Leave the images out, and copy each of the records below exactly.
*** Entries shown Section Begins ***
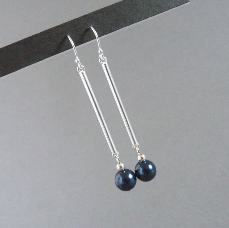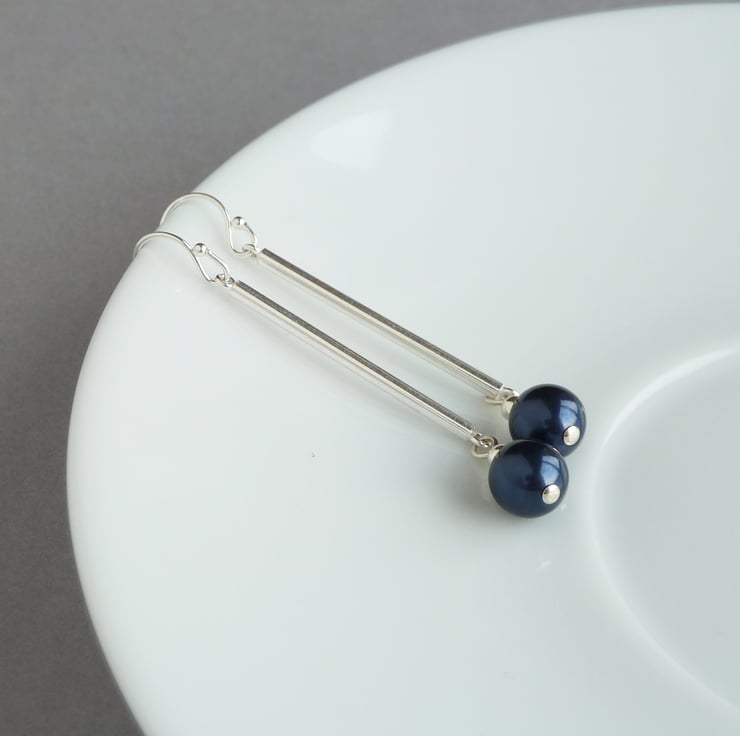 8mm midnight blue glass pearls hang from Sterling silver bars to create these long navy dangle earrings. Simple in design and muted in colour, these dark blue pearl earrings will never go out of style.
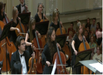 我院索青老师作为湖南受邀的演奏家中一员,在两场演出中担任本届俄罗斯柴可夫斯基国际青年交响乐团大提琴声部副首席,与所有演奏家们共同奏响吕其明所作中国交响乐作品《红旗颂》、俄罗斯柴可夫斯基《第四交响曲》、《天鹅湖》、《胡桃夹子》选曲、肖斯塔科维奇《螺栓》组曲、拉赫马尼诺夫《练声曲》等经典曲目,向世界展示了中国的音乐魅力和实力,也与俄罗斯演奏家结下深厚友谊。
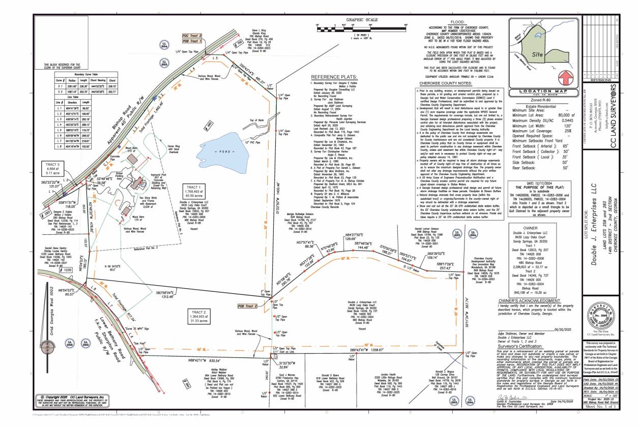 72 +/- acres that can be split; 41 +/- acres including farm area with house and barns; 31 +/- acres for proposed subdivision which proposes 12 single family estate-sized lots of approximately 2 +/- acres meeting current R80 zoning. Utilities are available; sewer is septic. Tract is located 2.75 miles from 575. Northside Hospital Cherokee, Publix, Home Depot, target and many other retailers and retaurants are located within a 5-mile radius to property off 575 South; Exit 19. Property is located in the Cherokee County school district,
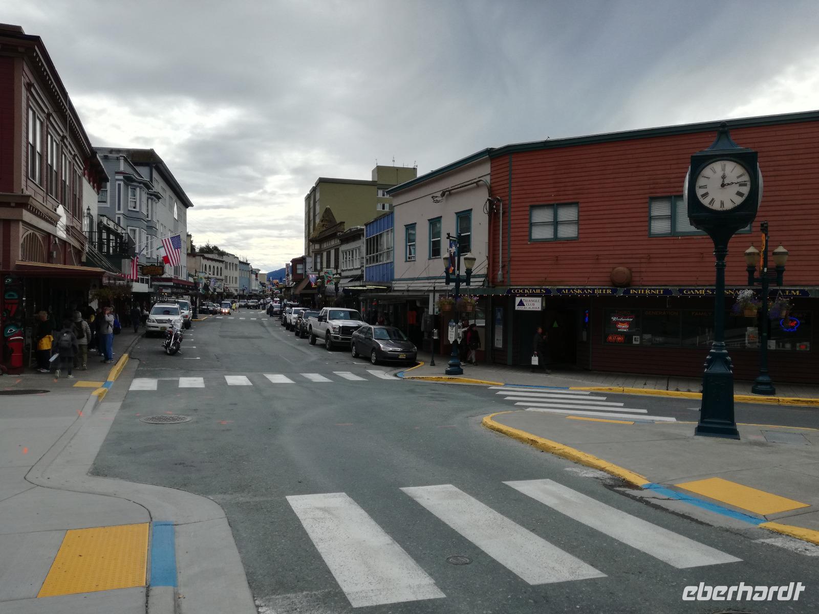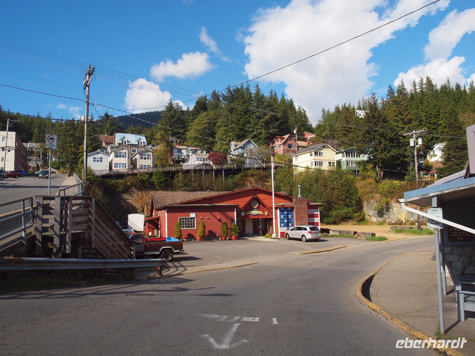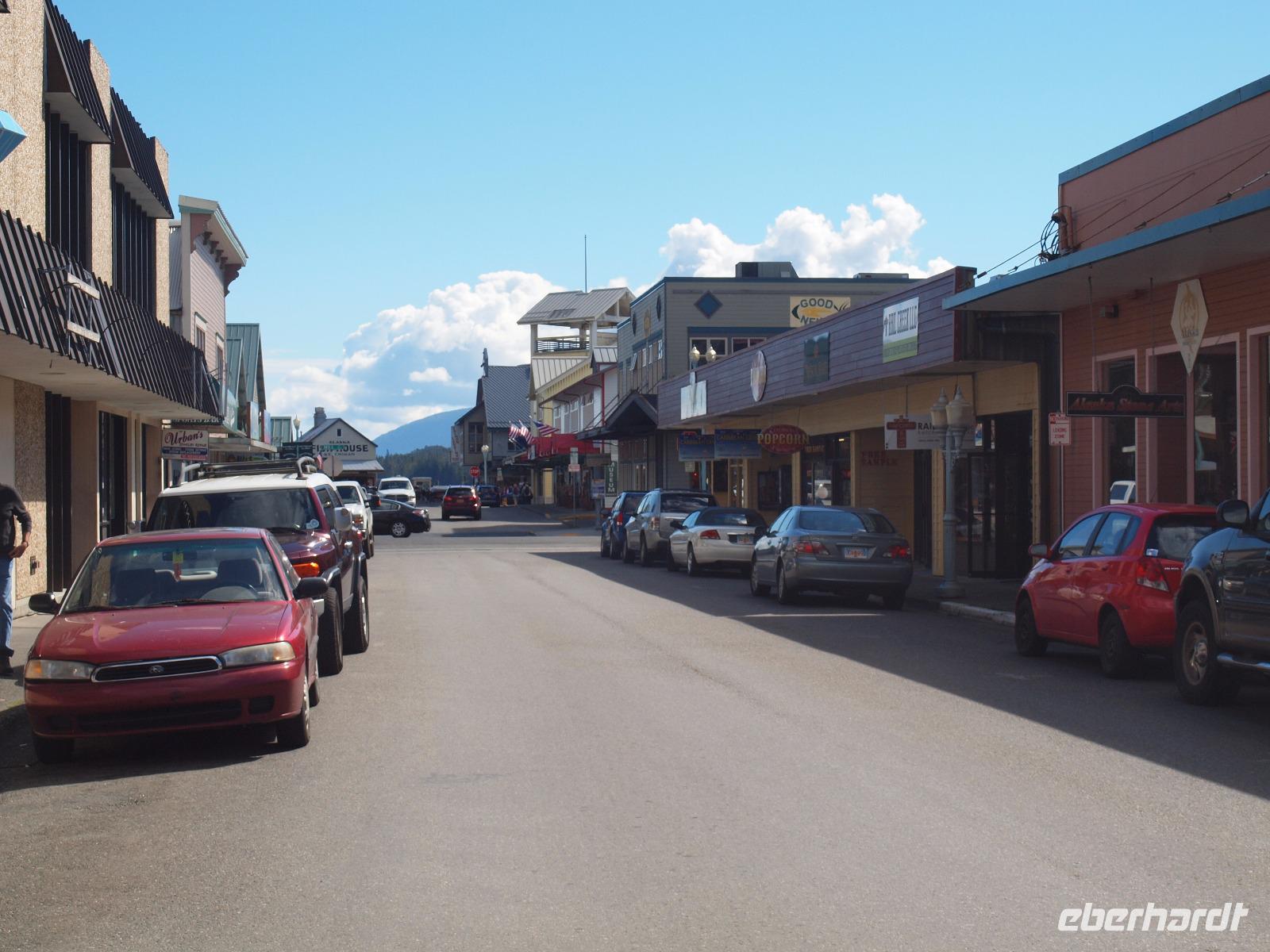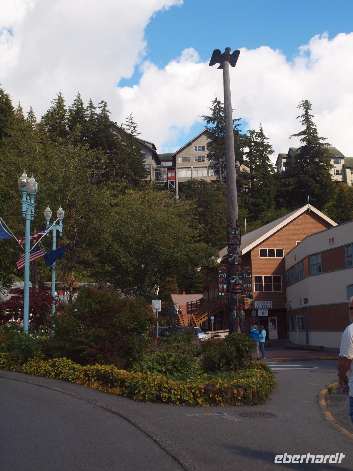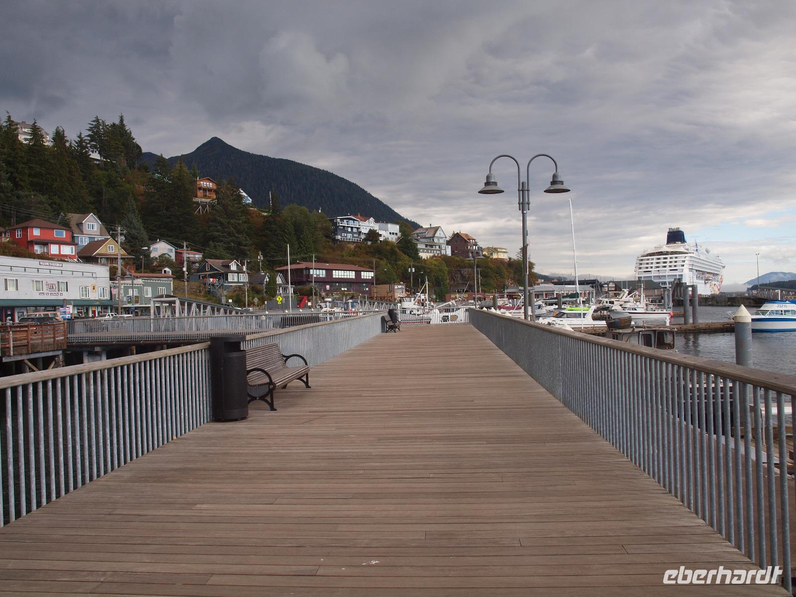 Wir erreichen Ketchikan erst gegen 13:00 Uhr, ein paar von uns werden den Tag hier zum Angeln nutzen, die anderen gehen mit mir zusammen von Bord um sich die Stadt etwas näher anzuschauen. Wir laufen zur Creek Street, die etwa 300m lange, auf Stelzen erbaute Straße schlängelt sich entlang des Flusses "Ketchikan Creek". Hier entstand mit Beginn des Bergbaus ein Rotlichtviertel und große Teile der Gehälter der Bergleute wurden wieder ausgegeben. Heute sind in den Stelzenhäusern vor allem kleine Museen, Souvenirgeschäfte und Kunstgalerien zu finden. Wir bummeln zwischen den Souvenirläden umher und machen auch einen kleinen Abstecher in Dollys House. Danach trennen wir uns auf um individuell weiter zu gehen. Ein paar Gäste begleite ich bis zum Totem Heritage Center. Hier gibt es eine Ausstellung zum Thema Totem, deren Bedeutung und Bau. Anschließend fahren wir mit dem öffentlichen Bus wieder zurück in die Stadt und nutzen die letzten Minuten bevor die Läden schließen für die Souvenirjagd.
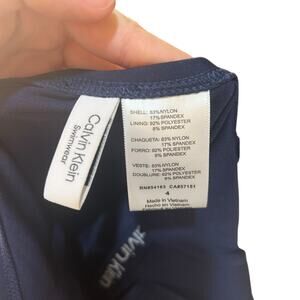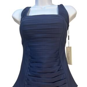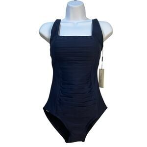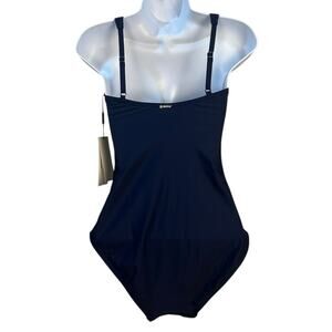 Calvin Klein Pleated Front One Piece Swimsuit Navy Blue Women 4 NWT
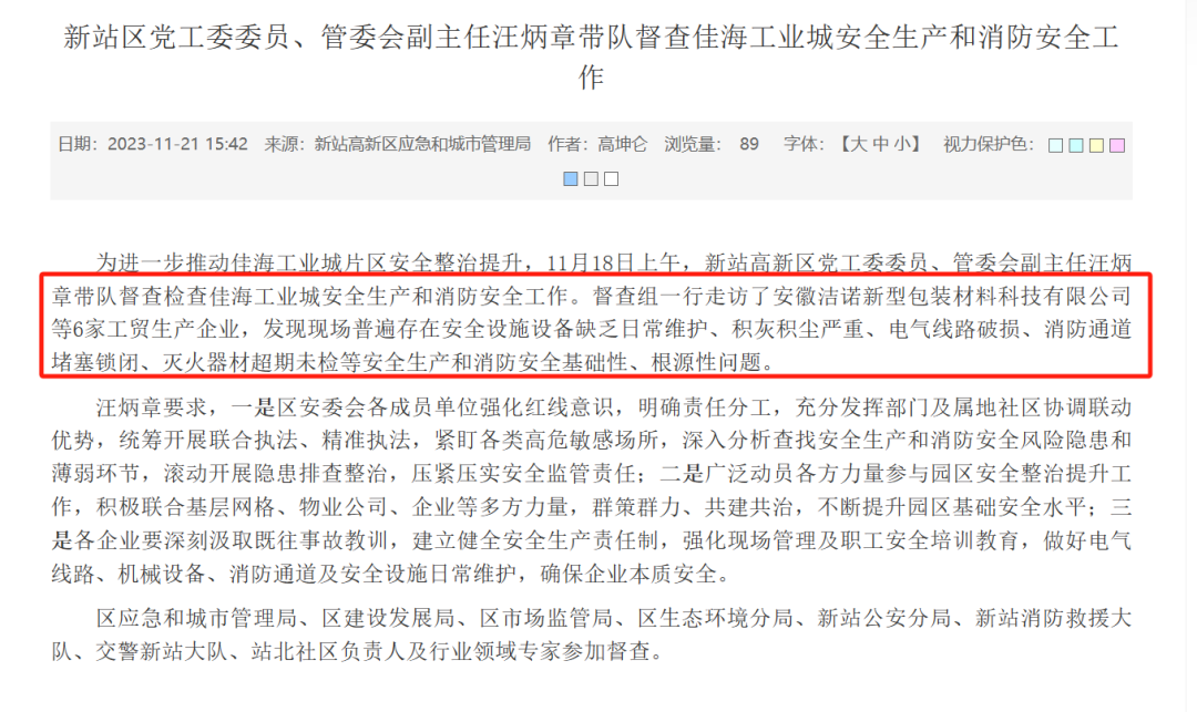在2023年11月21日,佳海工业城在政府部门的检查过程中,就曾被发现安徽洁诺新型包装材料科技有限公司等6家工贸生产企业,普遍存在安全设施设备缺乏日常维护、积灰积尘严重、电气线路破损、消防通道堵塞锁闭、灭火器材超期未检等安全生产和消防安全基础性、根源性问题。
*** Entries shown Section Ends ***
Completed task ->
 8mm midnight blue glass pearls hang from Sterling silver bars to create these long navy dangle earrings. Simple in design and muted in colour, these dark blue pearl earrings will never go out of style.
 我院索青老师作为湖南受邀的演奏家中一员,在两场演出中担任本届俄罗斯柴可夫斯基国际青年交响乐团大提琴声部副首席,与所有演奏家们共同奏响吕其明所作中国交响乐作品《红旗颂》、俄罗斯柴可夫斯基《第四交响曲》、《天鹅湖》、《胡桃夹子》选曲、肖斯塔科维奇《螺栓》组曲、拉赫马尼诺夫《练声曲》等经典曲目,向世界展示了中国的音乐魅力和实力,也与俄罗斯演奏家结下深厚友谊。
 72 +/- acres that can be split; 41 +/- acres including farm area with house and barns; 31 +/- acres for proposed subdivision which proposes 12 single family estate-sized lots of approximately 2 +/- acres meeting current R80 zoning. Utilities are available; sewer is septic. Tract is located 2.75 miles from 575. Northside Hospital Cherokee, Publix, Home Depot, target and many other retailers and retaurants are located within a 5-mile radius to property off 575 South; Exit 19. Property is located in the Cherokee County school district,
 Wir erreichen Ketchikan erst gegen 13:00 Uhr, ein paar von uns werden den Tag hier zum Angeln nutzen, die anderen gehen mit mir zusammen von Bord um sich die Stadt etwas näher anzuschauen. Wir laufen zur Creek Street, die etwa 300m lange, auf Stelzen erbaute Straße schlängelt sich entlang des Flusses "Ketchikan Creek". Hier entstand mit Beginn des Bergbaus ein Rotlichtviertel und große Teile der Gehälter der Bergleute wurden wieder ausgegeben. Heute sind in den Stelzenhäusern vor allem kleine Museen, Souvenirgeschäfte und Kunstgalerien zu finden. Wir bummeln zwischen den Souvenirläden umher und machen auch einen kleinen Abstecher in Dollys House. Danach trennen wir uns auf um individuell weiter zu gehen. Ein paar Gäste begleite ich bis zum Totem Heritage Center. Hier gibt es eine Ausstellung zum Thema Totem, deren Bedeutung und Bau. Anschließend fahren wir mit dem öffentlichen Bus wieder zurück in die Stadt und nutzen die letzten Minuten bevor die Läden schließen für die Souvenirjagd.
 Calvin Klein Pleated Front One Piece Swimsuit Navy Blue Women 4 NWT
在2023年11月21日,佳海工业城在政府部门的检查过程中,就曾被发现安徽洁诺新型包装材料科技有限公司等6家工贸生产企业,普遍存在安全设施设备缺乏日常维护、积灰积尘严重、电气线路破损、消防通道堵塞锁闭、灭火器材超期未检等安全生产和消防安全基础性、根源性问题。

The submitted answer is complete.